### Exercise details
Write out only the lines from the top of the listing below through the one with "เมืองโบราณกวนตุ๋ Guandu Old Town", exactly as they stand, while keeping pictures out of the copy.
--- Records provided ---
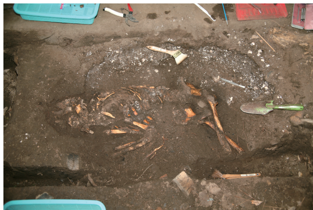
出産歴のある成人女性人骨(縄文時代前期)

Unearthed bones of marine mammals (Early Jomon period)
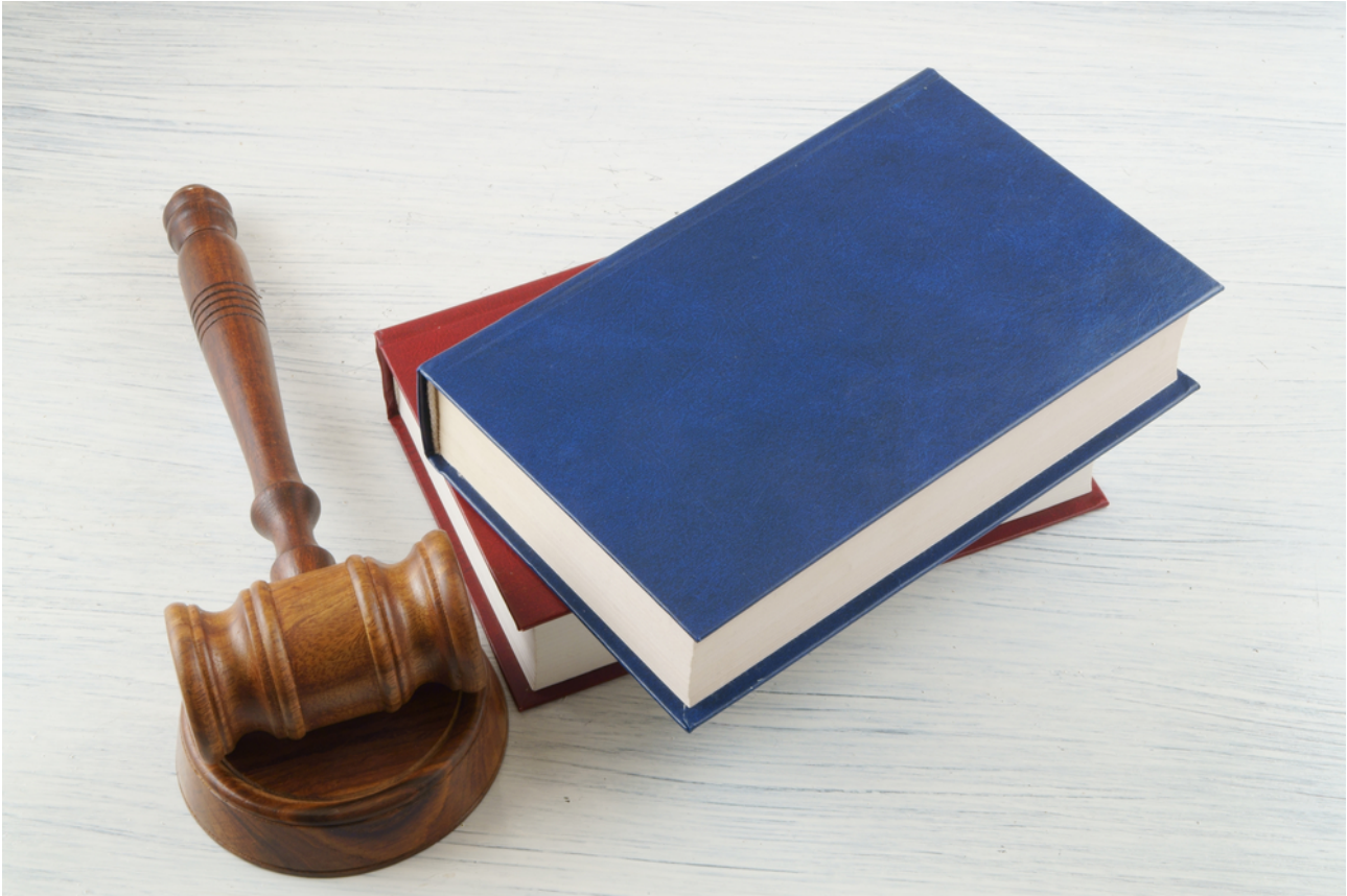
KUVA 2. Huumeestausta säätelevät voimassa olevat Suomen lait ja asetukset sekä niiden pohjalta luodut ohjeistukset

Huumeestauksessa luotettavuuden kannalta on tärkeää tarkastella koko prosessia aina näytteenottopaikasta varmennetun tuloksen tulkintaan. Huumeestauksia suorittavat aiheeseen perehdytetyt terveydenhuollon ammattihenkilöt, joilla tulee olla dokumentoitu perehdytys huumeestauksen näytteenottoon. Näytteenottajan tulee varmistaa testattavan henkilöllisyys. Lisäksi hänen tulee selvittää, onko kyseessä valvottava vai normaali näytteenotto ja minimoida näytteen manipulointimahdollisuudet. Näytteenottotilojen tulee olla asianmukaiset ja näytteiden käsittely on suoritettava niin, etteivät eri näytteet voi sekoittua, niitä ei voi väärentää, eikä niihin voi joutua epäpuhtauksia. Näytteiden tulee olla jäljitettävissä ja säilyä myös mahdollisen kuljetuksen ajan koskemattomana luotettavan tuloksen saamiseksi. Luotettavien huumeestaustulosten varmistamiseksi myös laboratorioihin kohdistuu tiettyjä kriteereitä. Kaikkien varmennetutkimuksia tekevien laboratorioiden tulee olla akkreditoituja ja varmennetustien tulee kuulua akkreditoinnin pätevyysalueeseen. Myös useimmat ensivaiheen immunologisia huumeestauksia tekevät laboratoriot ovat akkreditoituja eli niiden pätevyys on todettu menettelytavalla, joka on kansainvälisiin kriteereihin perustuva. Laboratoriot noudattavat yleisiä laadunhallintaan liittyviä periaatteita ensivaiheen huumeestauksessa. [15] [16] [17]
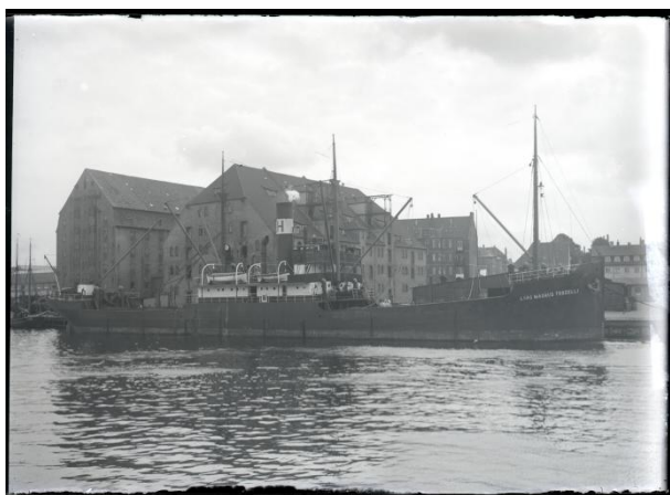
S/S Lars Magnus Trozelli
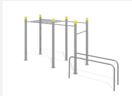
SWC.4260 Streetworkout 260
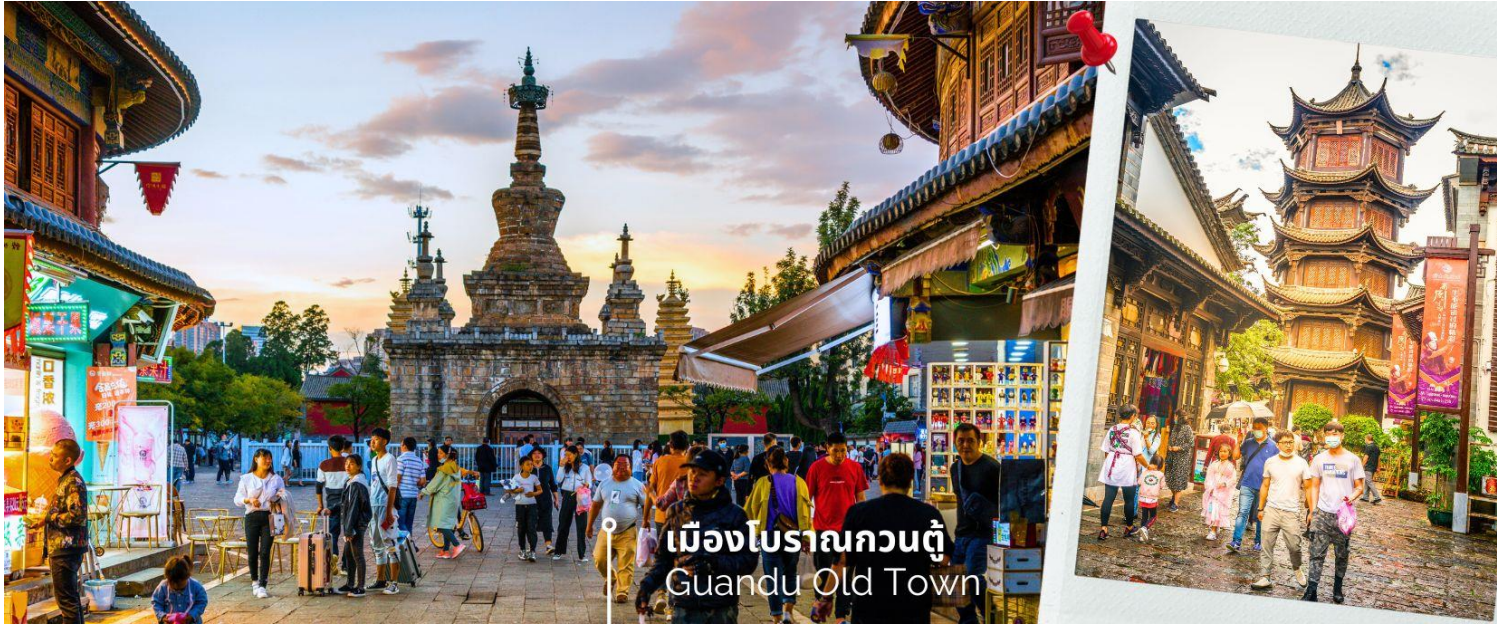
เมืองโบราณกวนตุ๋ Guandu Old Town

นำท่านชมบรรยากาศ เมืองโบราณกวนตุ๋ (Guandu Old Town) เป็นหนึ่งในต้นกำเนิดของวัฒนธรรมยูนนาน และยังถือเป็นหนึ่งในภูมิทัศน์ทางประวัติศาสตร์และวัฒนธรรม ที่สำคัญของเมืองคุนหมิง เมืองโบราณแห่งนี้ยังคงเป็นศูนย์กลางทางการค้าและคมนาคมที่สำคัญ ในอดีตเคยเป็นหมู่บ้านชาวประมงในสมัยราชวงศ์ถัง เมืองกวนตุ๋ยังเป็นเมือง
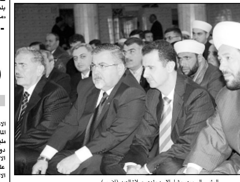
الرئيس السوري بشار الاسد يؤدي صلاة العيد (أب ف)

الناصرة-القدس العربي- من زهير اندراوس: ذكر المراسل السياسي لصحيفة (يديوتس احرونوت) الاسرائيلية يتعارم ايختر، امس الأربعاء ان حجم المساعدات المالية الامريكية لاسرائيل للعام الحالي 2006 سيجبل 16,3 مليار دولار منها 240 مليون دولار لاهداف المدنية و40 مليون دولار لتشجيع الهجرة اليهودية من اصقاع العالم الى الاراضي الفلسطينية، على حد قول الصحيفة التي اعتمدت على مصادر وصفتها بأنها رفيعة المستوى في الخارجية الاسرائيلية. وهذا وتوقع المعونات الامريكية المذكورة لهذا العام ما قدمته واشنطن لتل ابيب العام الماضي بنحو نصف مليار دولار، اضافة الى ذلك قال الصحافي الاسرائيلي ان الكونغرس الامريكي اتخذ قرارا ينص على الاستمرار في مشاريع امنية مشتركة في العام الجديد، وانه تم تخصيص مبلغ 600 مليون دولار اضافي لهذه المشاريع من قبل واشنطن. ومن ضمن هذه المشاريع مشروع مشترك لتطوير صاروخ (حيثس ) الاسرائيلي ابي (سهم) بالعربية والذي تعتبره الدولة العبرية من اناج الوسائل الدفاعية ضد صواريخ الدفاء التي كالتى بجورة طهران، مثل الصواريخ من طراز شهاب-3، والتي يصل مداها وفق المصادر الاسرائيلية الى الالف الكيلومترات. على صلة بما سلف قالت الصحيفة الاسرائيلية ان وزير الخارجية سيلفان شالوم، أكد صحة الخبر و اضاف قائلا ان
---
### Expected answer
出産歴のある成人女性人骨(縄文時代前期)

Unearthed bones of marine mammals (Early Jomon period)
KUVA 2. Huumeestausta säätelevät voimassa olevat Suomen lait ja asetukset sekä niiden pohjalta luodut ohjeistukset

Huumeestauksessa luotettavuuden kannalta on tärkeää tarkastella koko prosessia aina näytteenottopaikasta varmennetun tuloksen tulkintaan. Huumeestauksia suorittavat aiheeseen perehdytetyt terveydenhuollon ammattihenkilöt, joilla tulee olla dokumentoitu perehdytys huumeestauksen näytteenottoon. Näytteenottajan tulee varmistaa testattavan henkilöllisyys. Lisäksi hänen tulee selvittää, onko kyseessä valvottava vai normaali näytteenotto ja minimoida näytteen manipulointimahdollisuudet. Näytteenottotilojen tulee olla asianmukaiset ja näytteiden käsittely on suoritettava niin, etteivät eri näytteet voi sekoittua, niitä ei voi väärentää, eikä niihin voi joutua epäpuhtauksia. Näytteiden tulee olla jäljitettävissä ja säilyä myös mahdollisen kuljetuksen ajan koskemattomana luotettavan tuloksen saamiseksi. Luotettavien huumeestaustulosten varmistamiseksi myös laboratorioihin kohdistuu tiettyjä kriteereitä. Kaikkien varmennetutkimuksia tekevien laboratorioiden tulee olla akkreditoituja ja varmennetustien tulee kuulua akkreditoinnin pätevyysalueeseen. Myös useimmat ensivaiheen immunologisia huumeestauksia tekevät laboratoriot ovat akkreditoituja eli niiden pätevyys on todettu menettelytavalla, joka on kansainvälisiin kriteereihin perustuva. Laboratoriot noudattavat yleisiä laadunhallintaan liittyviä periaatteita ensivaiheen huumeestauksessa. [15] [16] [17]
S/S Lars Magnus Trozelli
SWC.4260 Streetworkout 260
เมืองโบราณกวนตุ๋ Guandu Old Town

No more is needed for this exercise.